Source data:
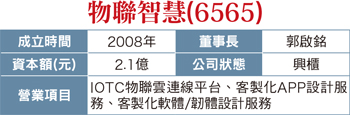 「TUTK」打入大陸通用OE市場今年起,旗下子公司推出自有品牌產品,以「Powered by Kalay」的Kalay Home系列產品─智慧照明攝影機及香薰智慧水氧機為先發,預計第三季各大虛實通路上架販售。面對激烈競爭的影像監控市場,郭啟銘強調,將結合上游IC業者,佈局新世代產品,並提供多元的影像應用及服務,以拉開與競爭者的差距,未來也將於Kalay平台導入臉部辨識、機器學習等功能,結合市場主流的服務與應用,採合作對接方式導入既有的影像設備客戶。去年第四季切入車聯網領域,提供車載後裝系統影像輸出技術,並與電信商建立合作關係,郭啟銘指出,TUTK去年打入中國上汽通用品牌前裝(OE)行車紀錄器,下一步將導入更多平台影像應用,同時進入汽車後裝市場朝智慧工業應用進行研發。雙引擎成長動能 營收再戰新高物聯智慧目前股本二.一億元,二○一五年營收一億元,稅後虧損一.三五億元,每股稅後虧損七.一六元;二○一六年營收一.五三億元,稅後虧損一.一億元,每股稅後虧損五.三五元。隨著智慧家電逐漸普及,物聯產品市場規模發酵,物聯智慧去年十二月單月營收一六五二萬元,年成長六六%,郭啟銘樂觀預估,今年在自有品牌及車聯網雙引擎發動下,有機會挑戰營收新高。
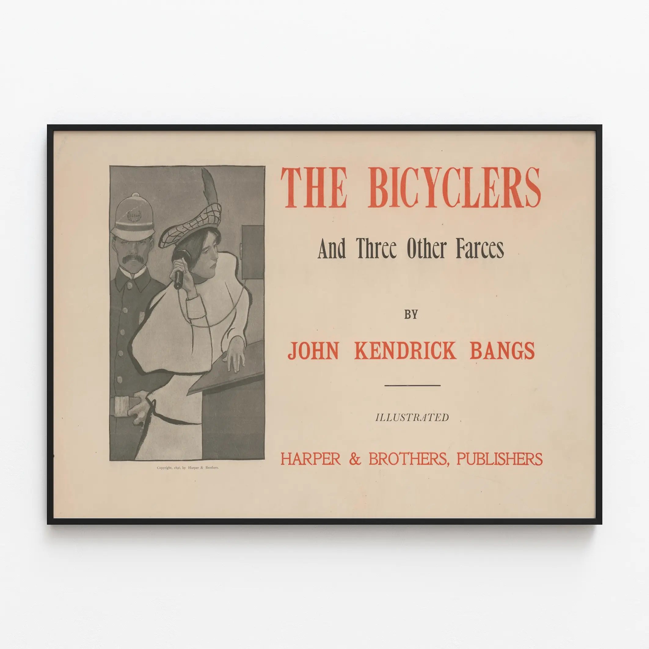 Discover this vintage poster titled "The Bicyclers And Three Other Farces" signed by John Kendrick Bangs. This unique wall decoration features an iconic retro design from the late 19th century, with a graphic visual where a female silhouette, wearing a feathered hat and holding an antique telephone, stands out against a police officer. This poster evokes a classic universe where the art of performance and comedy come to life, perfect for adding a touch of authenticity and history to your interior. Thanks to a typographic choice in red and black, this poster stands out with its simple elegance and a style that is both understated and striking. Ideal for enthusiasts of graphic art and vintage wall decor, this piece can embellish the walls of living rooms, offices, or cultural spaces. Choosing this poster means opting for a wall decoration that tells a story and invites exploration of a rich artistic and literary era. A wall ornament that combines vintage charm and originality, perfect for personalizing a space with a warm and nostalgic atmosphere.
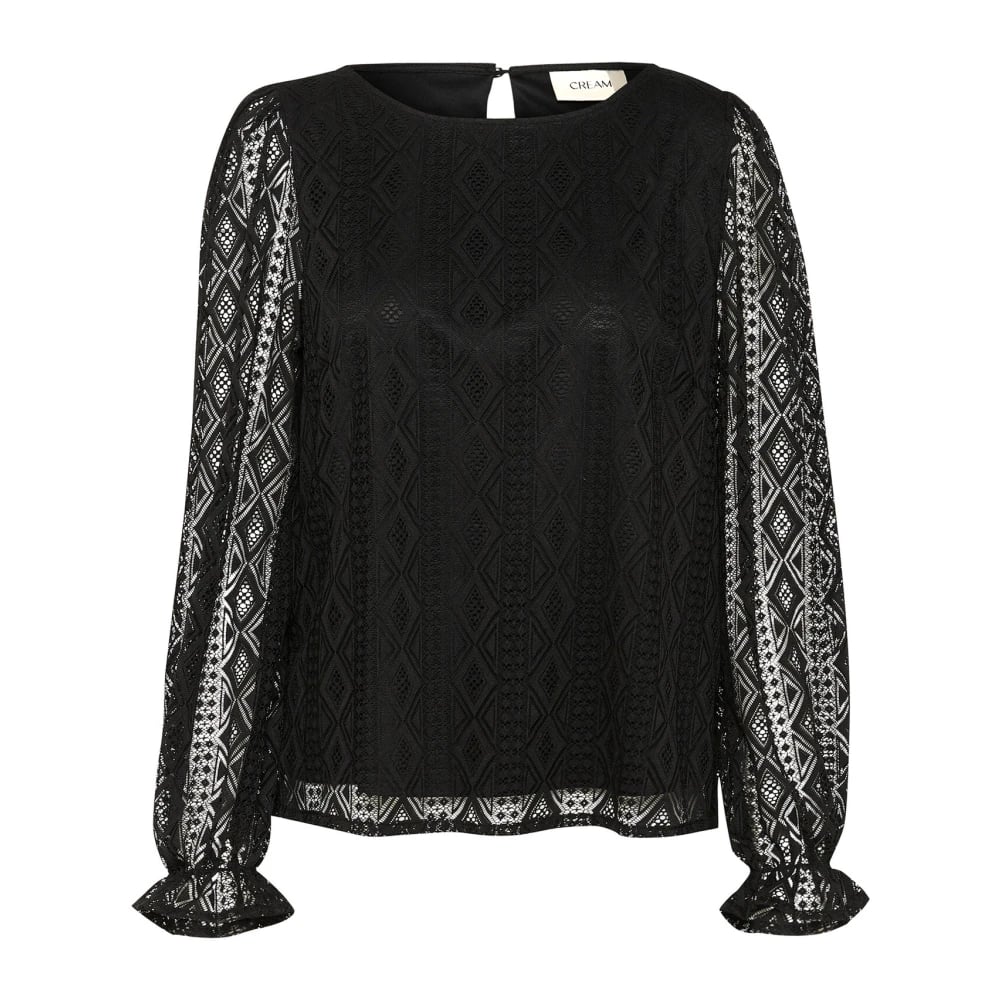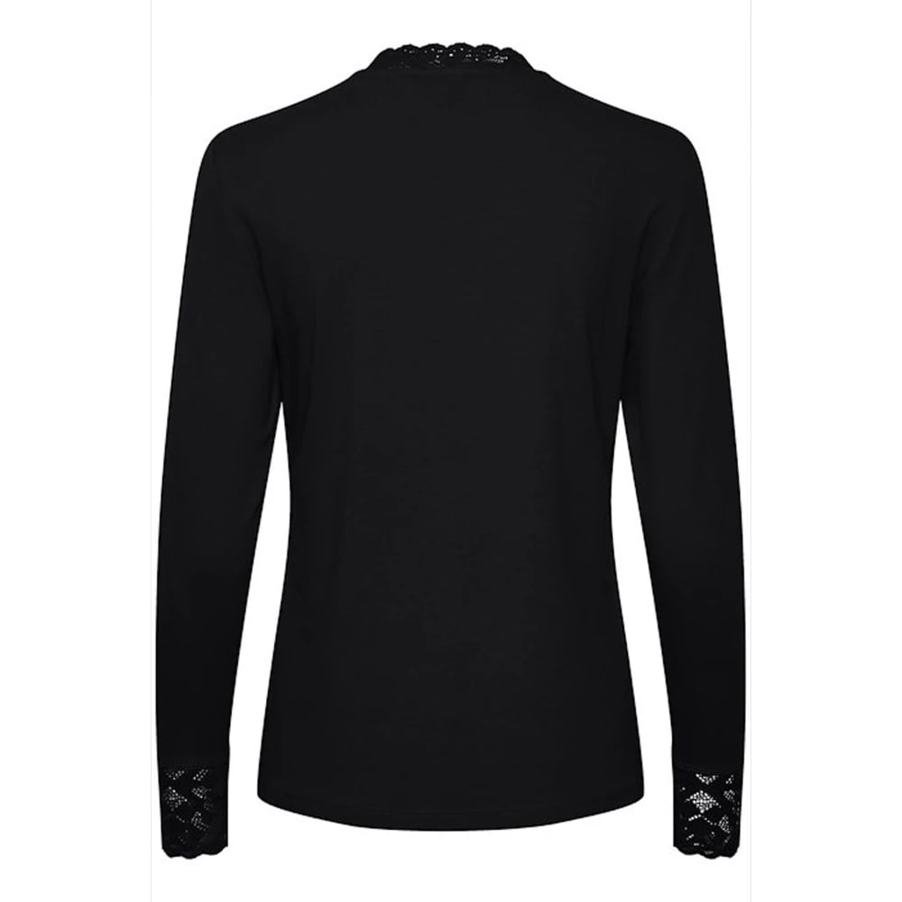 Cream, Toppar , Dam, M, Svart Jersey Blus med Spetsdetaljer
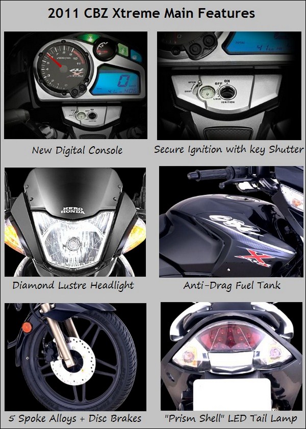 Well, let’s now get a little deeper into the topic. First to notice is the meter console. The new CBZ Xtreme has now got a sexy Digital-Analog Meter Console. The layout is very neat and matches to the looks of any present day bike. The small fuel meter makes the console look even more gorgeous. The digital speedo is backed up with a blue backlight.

--

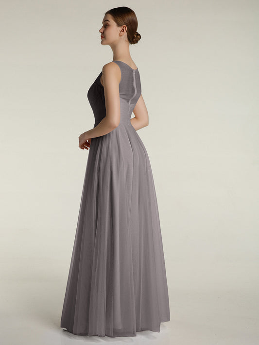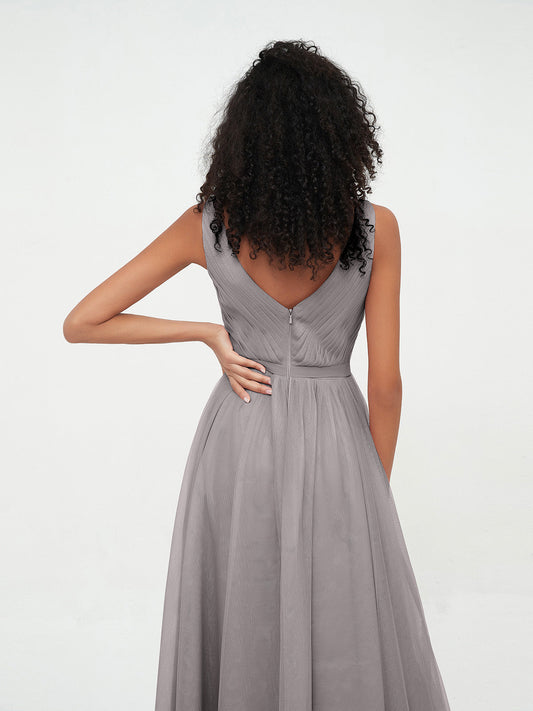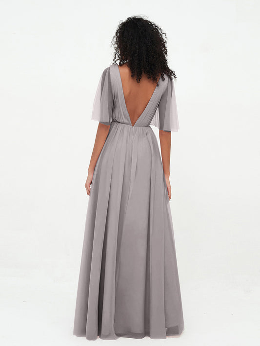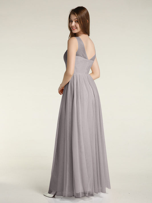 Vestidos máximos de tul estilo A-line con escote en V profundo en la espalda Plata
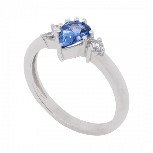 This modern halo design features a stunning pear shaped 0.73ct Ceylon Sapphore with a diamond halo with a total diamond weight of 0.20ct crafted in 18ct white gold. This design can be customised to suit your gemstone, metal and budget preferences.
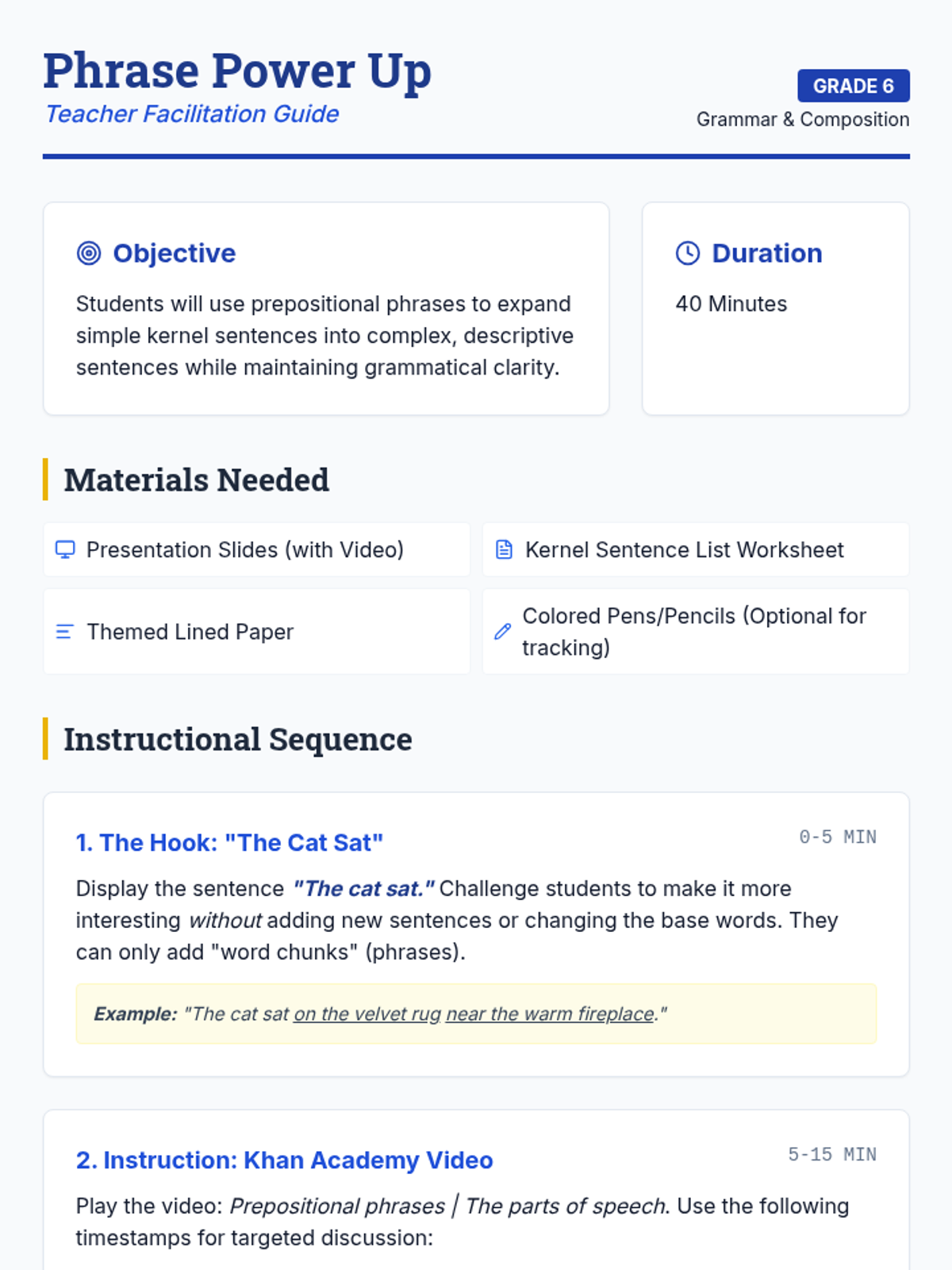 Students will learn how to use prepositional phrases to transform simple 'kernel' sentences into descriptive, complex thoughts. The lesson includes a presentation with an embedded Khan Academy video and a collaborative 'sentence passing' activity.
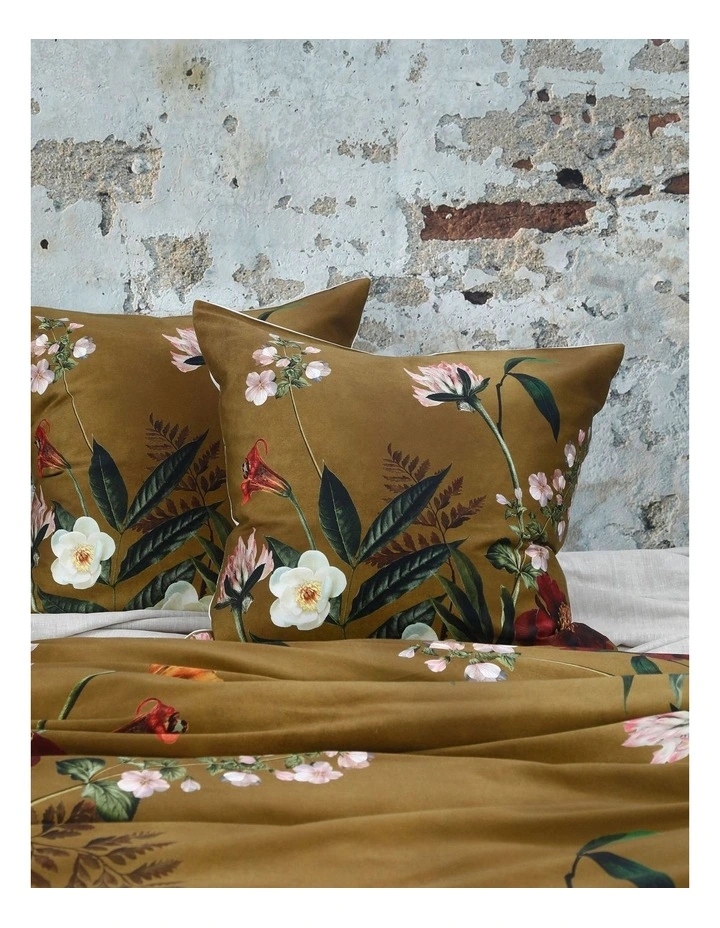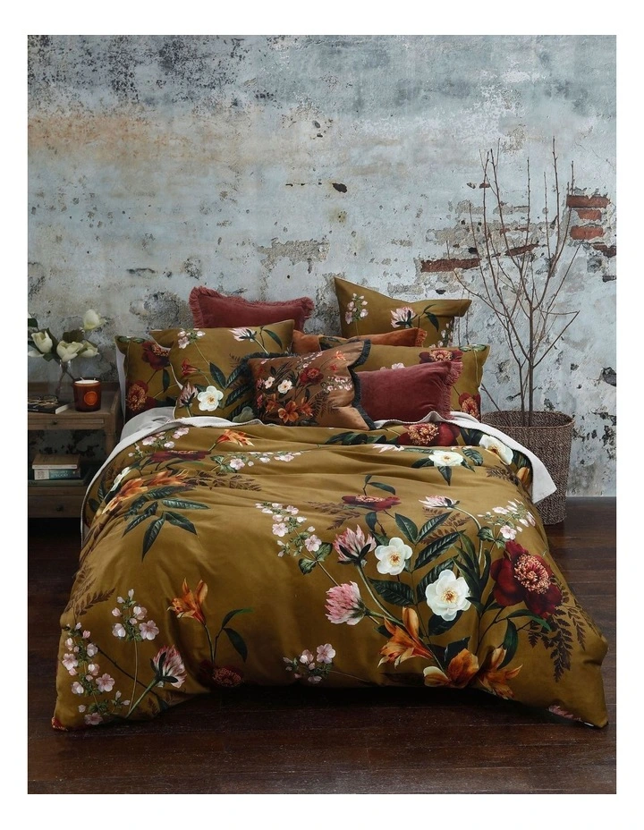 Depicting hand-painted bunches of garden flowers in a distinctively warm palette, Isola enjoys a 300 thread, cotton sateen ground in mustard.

Required action: Reproduce the entries exactly, from the line with "Students will learn" to the line with "Depicting hand-painted bunches", both lines included, keeping no pictures.

Written response:
 Students will learn how to use prepositional phrases to transform simple 'kernel' sentences into descriptive, complex thoughts. The lesson includes a presentation with an embedded Khan Academy video and a collaborative 'sentence passing' activity.
 Depicting hand-painted bunches of garden flowers in a distinctively warm palette, Isola enjoys a 300 thread, cotton sateen ground in mustard.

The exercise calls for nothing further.